## [Problem requirements]
As you work through the listing below, copy each line exactly and drop the images.

## [Supplied information]
****
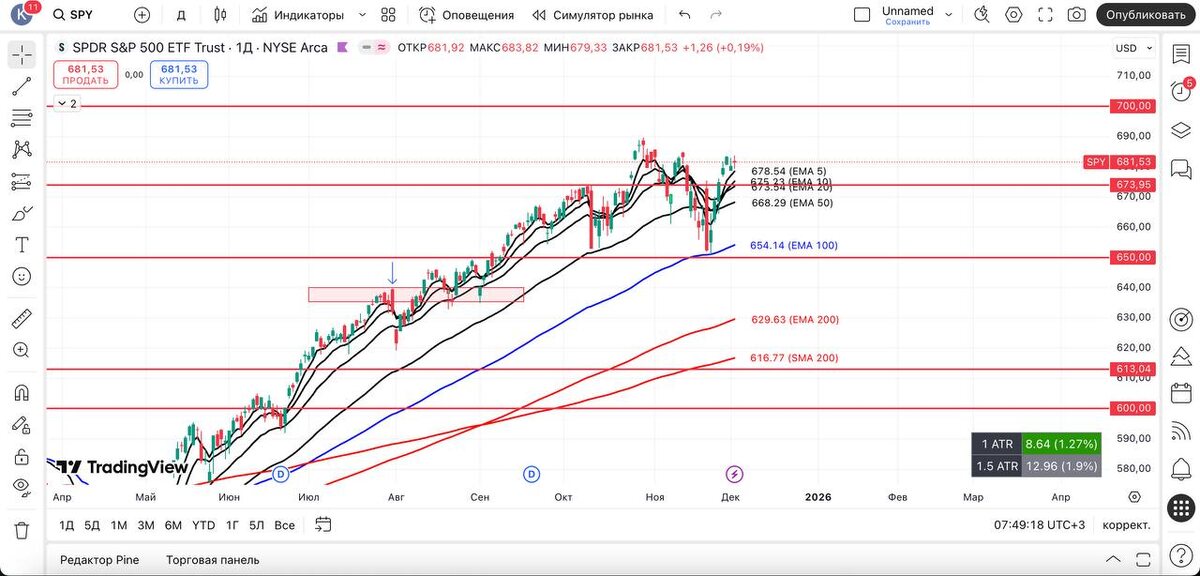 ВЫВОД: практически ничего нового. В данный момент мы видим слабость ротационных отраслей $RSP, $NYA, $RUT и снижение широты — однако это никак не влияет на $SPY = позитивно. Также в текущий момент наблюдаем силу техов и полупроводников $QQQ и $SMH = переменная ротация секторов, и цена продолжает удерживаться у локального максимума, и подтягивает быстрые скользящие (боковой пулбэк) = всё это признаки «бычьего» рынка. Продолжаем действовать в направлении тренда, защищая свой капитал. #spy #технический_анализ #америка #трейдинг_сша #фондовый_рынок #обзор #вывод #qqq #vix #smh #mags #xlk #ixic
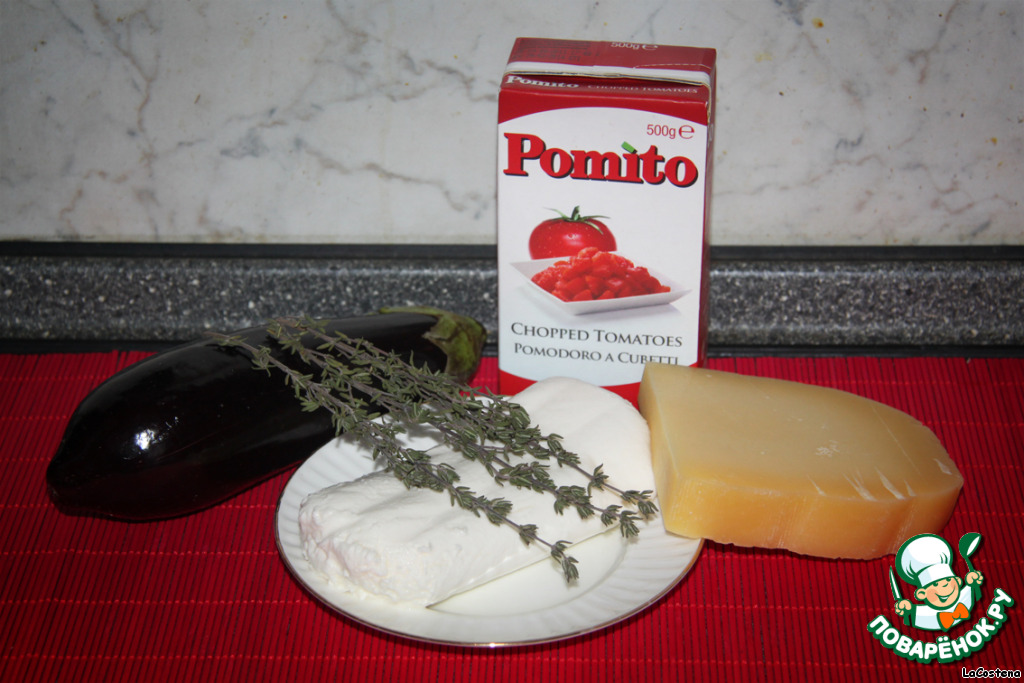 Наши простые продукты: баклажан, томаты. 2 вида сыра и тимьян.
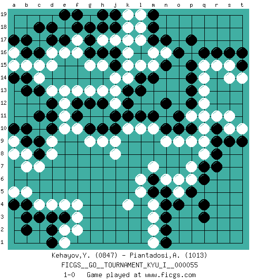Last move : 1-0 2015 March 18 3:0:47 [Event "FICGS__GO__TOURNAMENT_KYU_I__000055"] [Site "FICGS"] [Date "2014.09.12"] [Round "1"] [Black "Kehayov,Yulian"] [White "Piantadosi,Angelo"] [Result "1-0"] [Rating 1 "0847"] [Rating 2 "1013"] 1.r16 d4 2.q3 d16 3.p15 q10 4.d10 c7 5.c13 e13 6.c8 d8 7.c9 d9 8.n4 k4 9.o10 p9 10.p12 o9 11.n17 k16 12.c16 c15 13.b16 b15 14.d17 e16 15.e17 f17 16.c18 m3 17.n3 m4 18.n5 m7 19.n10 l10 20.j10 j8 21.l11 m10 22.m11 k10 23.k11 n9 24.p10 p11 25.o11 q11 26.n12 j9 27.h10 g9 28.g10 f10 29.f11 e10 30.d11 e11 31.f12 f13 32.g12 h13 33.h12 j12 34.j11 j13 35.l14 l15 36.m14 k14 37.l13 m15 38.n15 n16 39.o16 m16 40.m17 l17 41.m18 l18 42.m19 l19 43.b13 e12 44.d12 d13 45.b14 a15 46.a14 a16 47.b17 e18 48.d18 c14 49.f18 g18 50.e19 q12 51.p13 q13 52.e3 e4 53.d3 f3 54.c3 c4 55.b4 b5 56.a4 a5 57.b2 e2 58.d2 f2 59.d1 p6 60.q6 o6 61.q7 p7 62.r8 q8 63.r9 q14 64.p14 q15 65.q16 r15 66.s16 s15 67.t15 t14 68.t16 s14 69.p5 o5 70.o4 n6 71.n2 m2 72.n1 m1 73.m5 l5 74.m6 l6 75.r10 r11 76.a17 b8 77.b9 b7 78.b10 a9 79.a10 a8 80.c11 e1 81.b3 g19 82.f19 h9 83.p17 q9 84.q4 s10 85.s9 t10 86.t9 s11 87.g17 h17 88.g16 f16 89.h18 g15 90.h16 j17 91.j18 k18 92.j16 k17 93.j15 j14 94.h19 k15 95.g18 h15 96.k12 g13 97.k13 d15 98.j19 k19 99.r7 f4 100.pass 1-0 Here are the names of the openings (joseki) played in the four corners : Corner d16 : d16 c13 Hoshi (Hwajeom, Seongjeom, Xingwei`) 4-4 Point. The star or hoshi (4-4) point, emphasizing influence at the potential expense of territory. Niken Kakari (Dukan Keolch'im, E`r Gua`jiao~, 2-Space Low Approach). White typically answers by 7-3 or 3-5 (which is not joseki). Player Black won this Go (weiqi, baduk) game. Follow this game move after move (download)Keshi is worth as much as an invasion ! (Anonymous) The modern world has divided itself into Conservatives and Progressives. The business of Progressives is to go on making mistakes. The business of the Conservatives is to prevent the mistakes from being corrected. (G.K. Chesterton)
****
## [Task solution]
 ВЫВОД: практически ничего нового. В данный момент мы видим слабость ротационных отраслей $RSP, $NYA, $RUT и снижение широты — однако это никак не влияет на $SPY = позитивно. Также в текущий момент наблюдаем силу техов и полупроводников $QQQ и $SMH = переменная ротация секторов, и цена продолжает удерживаться у локального максимума, и подтягивает быстрые скользящие (боковой пулбэк) = всё это признаки «бычьего» рынка. Продолжаем действовать в направлении тренда, защищая свой капитал. #spy #технический_анализ #америка #трейдинг_сша #фондовый_рынок #обзор #вывод #qqq #vix #smh #mags #xlk #ixic
 Наши простые продукты: баклажан, томаты. 2 вида сыра и тимьян.
Last move : 1-0 2015 March 18 3:0:47 [Event "FICGS__GO__TOURNAMENT_KYU_I__000055"] [Site "FICGS"] [Date "2014.09.12"] [Round "1"] [Black "Kehayov,Yulian"] [White "Piantadosi,Angelo"] [Result "1-0"] [Rating 1 "0847"] [Rating 2 "1013"] 1.r16 d4 2.q3 d16 3.p15 q10 4.d10 c7 5.c13 e13 6.c8 d8 7.c9 d9 8.n4 k4 9.o10 p9 10.p12 o9 11.n17 k16 12.c16 c15 13.b16 b15 14.d17 e16 15.e17 f17 16.c18 m3 17.n3 m4 18.n5 m7 19.n10 l10 20.j10 j8 21.l11 m10 22.m11 k10 23.k11 n9 24.p10 p11 25.o11 q11 26.n12 j9 27.h10 g9 28.g10 f10 29.f11 e10 30.d11 e11 31.f12 f13 32.g12 h13 33.h12 j12 34.j11 j13 35.l14 l15 36.m14 k14 37.l13 m15 38.n15 n16 39.o16 m16 40.m17 l17 41.m18 l18 42.m19 l19 43.b13 e12 44.d12 d13 45.b14 a15 46.a14 a16 47.b17 e18 48.d18 c14 49.f18 g18 50.e19 q12 51.p13 q13 52.e3 e4 53.d3 f3 54.c3 c4 55.b4 b5 56.a4 a5 57.b2 e2 58.d2 f2 59.d1 p6 60.q6 o6 61.q7 p7 62.r8 q8 63.r9 q14 64.p14 q15 65.q16 r15 66.s16 s15 67.t15 t14 68.t16 s14 69.p5 o5 70.o4 n6 71.n2 m2 72.n1 m1 73.m5 l5 74.m6 l6 75.r10 r11 76.a17 b8 77.b9 b7 78.b10 a9 79.a10 a8 80.c11 e1 81.b3 g19 82.f19 h9 83.p17 q9 84.q4 s10 85.s9 t10 86.t9 s11 87.g17 h17 88.g16 f16 89.h18 g15 90.h16 j17 91.j18 k18 92.j16 k17 93.j15 j14 94.h19 k15 95.g18 h15 96.k12 g13 97.k13 d15 98.j19 k19 99.r7 f4 100.pass 1-0 Here are the names of the openings (joseki) played in the four corners : Corner d16 : d16 c13 Hoshi (Hwajeom, Seongjeom, Xingwei`) 4-4 Point. The star or hoshi (4-4) point, emphasizing influence at the potential expense of territory. Niken Kakari (Dukan Keolch'im, E`r Gua`jiao~, 2-Space Low Approach). White typically answers by 7-3 or 3-5 (which is not joseki). Player Black won this Go (weiqi, baduk) game. Follow this game move after move (download)Keshi is worth as much as an invasion ! (Anonymous) The modern world has divided itself into Conservatives and Progressives. The business of Progressives is to go on making mistakes. The business of the Conservatives is to prevent the mistakes from being corrected. (G.K. Chesterton)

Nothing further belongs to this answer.